In 2006, Govind enrolled in the graduate program of Film and Television Institute of Tamil Nadu (FTIT), formerly known as Adayar Film Institute, for Sound Engineering & Sound Recording. During his time in college, he encountered and became friends with Alphonse Puthren, Karthik Subbaraj, Nalan Kumarasamy, Vijay Sethupathi, Bobby Simha, Rajesh Murgeshan and Shabareesh Varma; all of these men would go on to be successful filmmakers, actors and musicians.

Career 
Govind started his career as an ADR recordist in AVM Studios, Chennai. He first worked on Alphonse Puthren’s short film Neram(2012) before quitting the job to focus entirely on films. His feature film debut came with Karthik Subbaraj’s Tamil film, Pizza(2012). The film marked the start of his partnership with Sree Sankar and they went on to establish their studio, Sound Factor.

Govind and Sankar had created a sound script for Pizza(2012) and used the most advanced audio format for cinema available at the time and incidentally becoming the first South Indian film mixed in Dolby 7.1 surround sound. The film was received well by audiences and critics alike. M.Suganth of The Times of India noted “While Resul Pookutty’s Oscar win in 2009 created an awareness of this community, in Tamil cinema, it was Pizza in 2012, that made people sit up and take notice of sound design”.They were nominated for the Mirchi Music Awards for Best Sound Mixing that year for designing the soundscape of the film and went on to collaborate with Karthik Subbaraj in his two future films - Jigarthanda(2014) and Iraivi(2016). The former set a landmark by becoming the first South Indian film to be mixed in Dolby Atmos.

Govind along with Sankar made his Malayalam film debut with Neram(2013) and went on to work with its director, Alphonse Puthren in Premam(2015) and Gold(2022).Starting in 2017, with Soubin Shahir’s debut film Parava, Govind has also served as the re-recording mixer for a number of films. The duo won two consecutive Behindwoods Gold Medal for Best Sound for Iruthi Suttru(2016) and Aval(2017). Both these Tamil films were remade in Hindi as Saala Khadoos(2016) and House Next Door(2017) respectively.He won the Kerala State Film Award for Best Sound Design for the films Unda(2018) and Ishq(2019), which he shared with Sankar.

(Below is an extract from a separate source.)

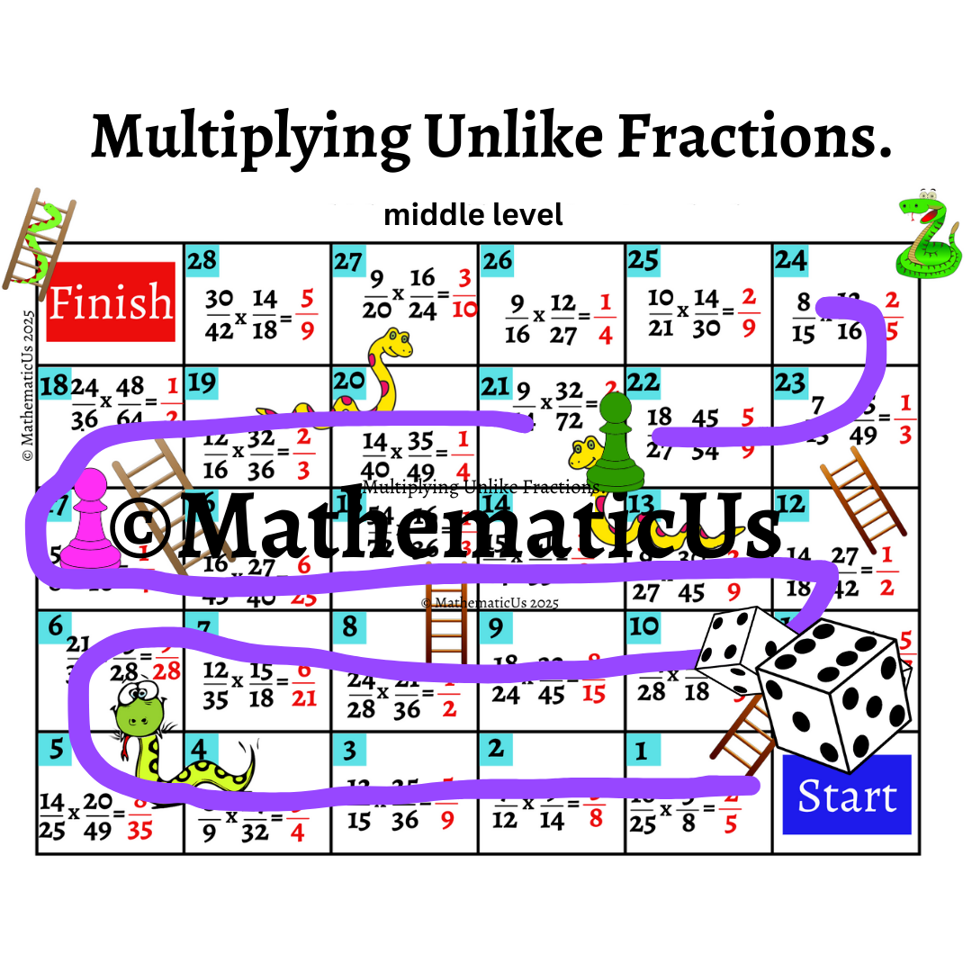 This fun dice board game helps students practice multiplying unlike fractions by simplifying fractions first. It’s an engaging way for children to review and reinforce fraction multiplication while having fun.

In 2020, he teamed up with Mahesh Narayanan for his films C U Soon and Malik. Having previously collaborated with Narayanan in Take Off(2017) as its sound designer, Govind handled the design, editing and mixing of sound for Malik. The film's theatrical release was delayed due to the COVID-19 pandemic and eventually got released on Amazon Prime Video in 2021. It received mostly positive responses from the critics. Behindwoods wrote: “The sound design was fabulous. The presence of deep bass at the time of actions and the perfect balance of ambience sound with the dialogues that carried an intensity made the scenes much more effective”. The film earned him his first National Film Award for Best Audiography (Re-recordist of the final mixed track). The jury appreciated him for “creating a life like ambience through a dextrous audio scope."

Govind worked with A.R Rahman for the film Malayankunju(2022), which marked Rahman’s return to Malayalam cinema as a composer, after a hiatus of 28 years. In an interview with The Hindu, Sajimon Prabhakar, director of the film said, “It was not an easy project for the sound designers. We don’t know what are the sounds that one can hear under the ground. They had no references as well.”Govid used Dolby Atmos, an immersive sound format, to mix the sound in the film. Following its release, the reception was generally positive with the film receiving praises for its scope, ambition and technical aspects. Lalitha Suhasini, former editor of Rolling Stone India wrote “The movie’s soundscape brings to mind Danny Boyle’s 2010 film ‘127 Hours’, both incidentally scored by A.R. Rahman. Govind makes us feel stuck with Anikuttan by creating a brilliantly lulling silence in the film.”  Nirmal Jovial of The Week wrote “Malayankunju is a film that deserves a theatrical watch. The kind of experience it offers on a small screen will not be comparable to that on the big screen.”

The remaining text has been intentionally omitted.